# Anxious hedgehog



## Spin (Aug 2, 2013)

Harriet is about 6 months old, and I have had her for about 2 months. She is very active, is always running around, and can be almost anxious at times. It is particularly bad when she needs to be bathed. She will climb out of any tub or sink I put her in, and gets frantically anxious. This anxiety also makes it hard to bond with, as she is always trying to get away. Any suggestions for a less anxious foot bath time, or ways for me to bond with her where she feels comfortable? I guess she is just a naturally active hedgie, but I don't like to see her scared. I have tried bribing her with food, but she is not interested in meal worms, cooked meat, fruit or anything else I have tried. I am also a little confused, as she has stopped puffing up and hissing when I am holding her, so she must be getting a little bit comfortable around me?


----------



## MochiAndMe (Jul 13, 2013)

Maybe try some floor time. What I do with my guinea pigs and hedgehogs is I block off a long hallway, shut doors and then lay down some towels/fleece and maybe some toys, then they run around. I usually sit there so they can get comfortable around me and enjoy exploring the hallway, toys, and treats I leave around. 

But what makes you think she's anxious? You said she tries to climb and loves to run. Sounds like my little girl. Mochi will climb out of anything I put her in, or whenever I put her down, she's moving away, but she's not anxious about anything, she just doesn't like to sit still.


----------



## zamxonk (Mar 6, 2013)

My piggetyhog also does not like to sit still when he is awake, and will frequently try to dive off my hands if I don't put him down fast enough. I've never yet stayed up late enough with him that he got tired of running around trying to get into all the things he's not supposed to. He also really really hates water, but his poopy boots are so bad that he requires daily footbaths. I've embarked on a campaign of "Cooperate And Get All The Treats" - we'll see how that goes.

Do you bond with her at all during the day? I enjoy watching Ambrose run around, but my favorite times are when I stick his bag under my shirt and peek at his little splatty butt. Occasionally he will come to the mouth of the bag and sniff "Oh, good. You are still there!" and then go back to sleeping. Bonus if I have him on my tummy around the time his light usually clicks off - then he will slowly come out, splat and stare at me for a while, do all the yawns and stretches, etc.


Also, when you hold her, do you have her in a blanket?

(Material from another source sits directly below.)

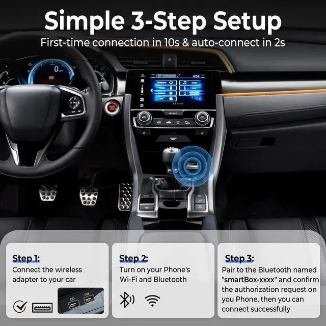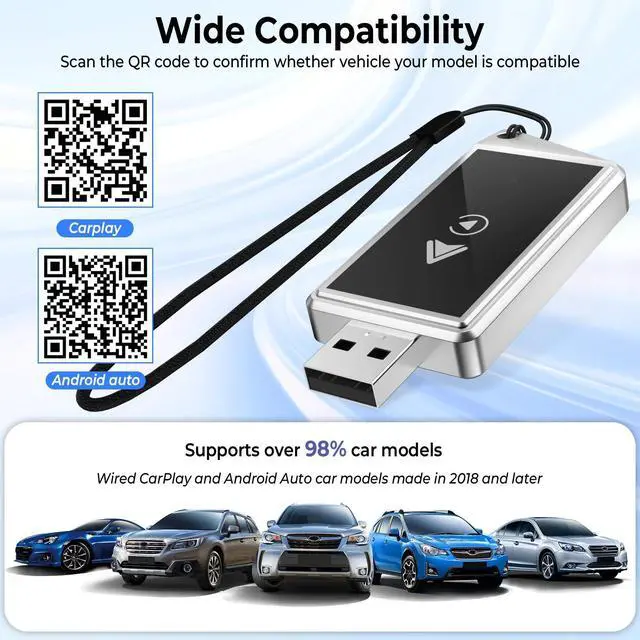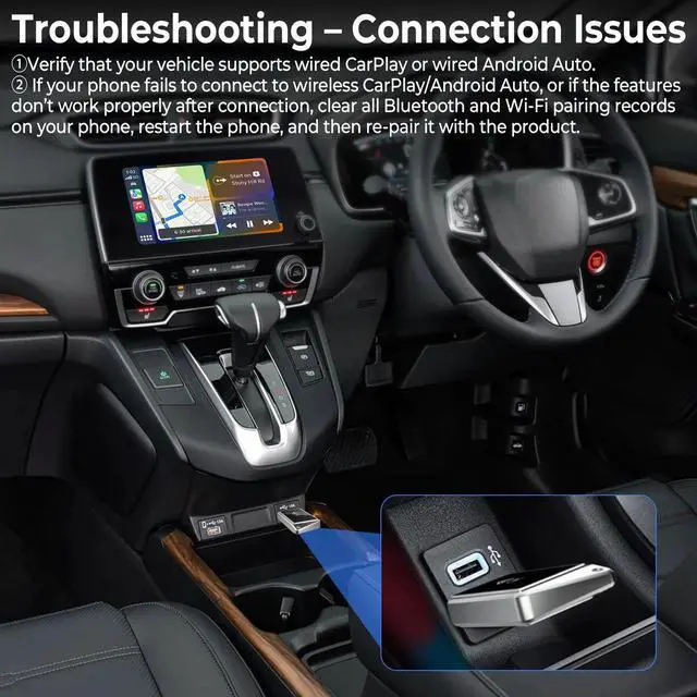 2-in-1 Wireless CarPlay & Android Auto easily converts your cars wired system into wireless with this wireless carplay adapter and android auto wireless adapter. Enjoy navigation, music streaming, voice commands, and calls without messy cables. (Note: CarPlay requires an iPhone, while Android Auto requires an Android phone. If the car supports both, either phone type can be used.) Troubleshooting-Connection Issues: Verify that your vehicle supports wired CarPlay or wired Android Auto. If your phone fails to connect to wireless CarPlay/Android Auto, or if the features dont work properly after connection, clear all Bluetooth and Wi-Fi pairing records on your phone, restart the phone, and then re-pair it with the product.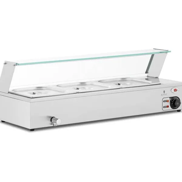 Denna bain marie från Royal Catering är perfekt för att hålla olika rätter varma under en längre tid. I 3 st. gastronormbehållare kan alla komponenter i en maträtt eller flera rätter som kött, fisk, grönsaker, ris, potatis och sås hållas vid önskad temperatur utan att brännas vid. Vattenbadet täcker optimalt exklusiva cateringbehov och är lämplig för användning i restauranger, hotell, matsalar, bufféer, snackbarer, kafeterior eller äldreboenden och kliniker.

Ambrose HATES being held in just hands - I'm not sure why, but he appears to feel unsafe. Holding him in a blanket - and better yet, holding him firmly - seems to make him feel safe and secure and he will hold marginally more still. It's to the point where I only wear tanktops that are part spandex when I'm going to have him on me, because the regular cotton ones don't hold him tight enough for him to settle in and feel safe. 

Good luck, I'm sure other people will be around with lots of suggestions! Above all, trust yourself and your hedgie. It may not be something that works for anything else, but if it works for you, trust your experience with Harriet.


----------



## Spin (Aug 2, 2013)

Thanks for the feedback. Maybe her behavior is pretty normal then? It sounds like she is a bit like both of your hedgies. I'm going to set her up a play pen in the hall like you suggested and see what happens
Cheers


----------



## zamxonk (Mar 6, 2013)

Yeah. We have "Explorer" type hedgehogs, I think. Just remember if your hedgie was truly scared, she would be in a ball and doing her best to impale you. Running away is just..."Hey parent, I'm buuuussyyyyyyyyyyy! Get out my way!"


----------